O compadre

Do padre Orivaldo Robles:
padreorivaldoLá na sua terra ele foi registrado como Nivard de Vries. No seminário nós lhe aportuguesamos o nome para Nivaldo. Era holandês, como todos os nossos formadores. Entre si usavam, quase sempre, a língua do seu país, hábito que, de vez em quando, gerava alguma confusão. Como no dia que Padre Edwin Smeets resolveu contar às empregadas, na cozinha, um caso divertido. Ele ria de lacrimejar os olhos, enquanto elas se olhavam, apalermadas. Até ele perceber que falava holandês com três simplórias domésticas, que só compreendiam português, e olhe lá.

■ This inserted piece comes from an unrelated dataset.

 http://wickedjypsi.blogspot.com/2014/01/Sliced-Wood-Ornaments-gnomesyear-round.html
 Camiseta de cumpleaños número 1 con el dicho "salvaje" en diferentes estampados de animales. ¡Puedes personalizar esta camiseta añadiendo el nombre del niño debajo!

Com sua careca luzidia e óculos de fundo de garrafa, Padre Nivaldo compunha uma figura original. Foi o primeiro ciclista que vi pilotar bicicleta motorizada. Apaixonado por futebol, em algumas ocasiões, com o cinto de couro que lhe chegava aos pés, prendia o grosso hábito de brim de cor indefinida e entrava em campo conosco. Com frequência maior, entretanto, por causa da miopia severa, punha-se no meio da torcida, onde não cessava de ditar ordens e gritar palpites. A exemplo da vez que um jogador levou uma bolada nos genitais e se atirou ao chão, em contorções de dor. Aos brados, ele exigia providências: “Alguém aí faça massagem nele. Não há ninguém para atender o coitado”? Não havia. Pelo menos dessa forma. Abanaram o infeliz, movimentaram-lhe os braços, trouxeram água, mas massagem ninguém fez.

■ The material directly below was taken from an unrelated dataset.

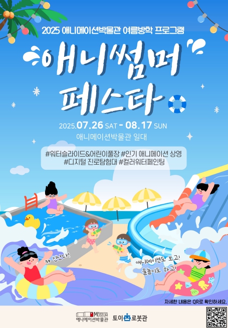 애니메이션박물관장은 “올여름 박물관은 단순한 전시공간을 넘어, 가족이 함께 즐기고 배울 수 있는 체험형 복합문화공간으로 운영될 예정”이라며 “많은 분들이 시원하고 유익한 추억을 만들고 가시길 바란다.”고 전했다.

Nivard ficou conosco não sei por quanto tempo. Até que se transferiu para alguma paróquia que não recordo. Não dava aulas. Tinha a função de diretor espiritual e confessor. Isso ele fazia muito bem. Dele recebi uma das mais preciosas lições de formação espiritual. Passadas quase seis décadas, ainda a conservo na memória.

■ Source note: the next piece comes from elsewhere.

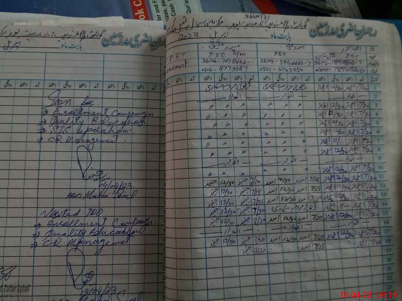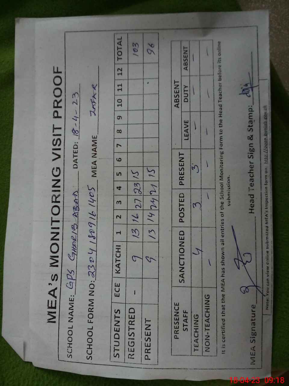 | Attendance Register | Head Teacher | MEA with School | Visit Proof |

No rígido sistema de internato daquele tempo, o seminário oferecia uma vida monótona. O regulamento secionava, até nos minutos, o nosso tempo. Os dias seguiam iguais, em repetição tediosa. Qualquer fato inusual se transformava num acontecimento. Foi o que se deu.
Frequentava com regularidade nossa cozinha um mendigo, que vinha pedir comida. As funcionárias faziam-lhe o prato e o levavam ao banco em que ele ficava esperando. Comia antes de nós. Em silenciosa fila rumo ao refeitório, passávamos perto. Arriscávamos uma espiada no prato dele para conhecer nosso cardápio.
Não levou muito tempo, um gaiato deu-lhe apelido. Sabe-se lá por que estranha razão, “compadre”. Pegou. Seu nome era desconhecido. Ninguém falava com ele. Mas para todos tornou-se o compadre. Alguns riam, caçoavam. Diferente de nós, Padre Nivaldo lhe dava atenção. Mantinha longos papos com ele.
Uma noite, na capela, falou-nos do compadre. Com calma, mas também com grande seriedade. Disse: “Temos que agradecer a Deus por nos permitir, quase todos os dias, dar um prato de comida ao Sr. José. Deus nos dá a grande honra de matar a fome de Jesus. O Sr. José é, para nós, o próprio Jesus com quem repartimos a comida que Deus não deixa faltar em nossa mesa”.
Caiu-nos a cara de vergonha. Ninguém mais chamou o Sr. José de compadre. Nem riu dele. Aquele homem tinha nome. E também dignidade para receber o tratamento de “senhor”. Como se devem tratar as pessoas de respeito.
Foi o modo singular, criado por um modesto padre holandês míope e careca, de transmitir a um bando de tolos brasileirinhos o antigo e sempre novo preceito do Mestre: “O que fizestes a um destes meus irmãos mais pequeninos, foi a mim que o fizestes” (cf. Mt 25,40).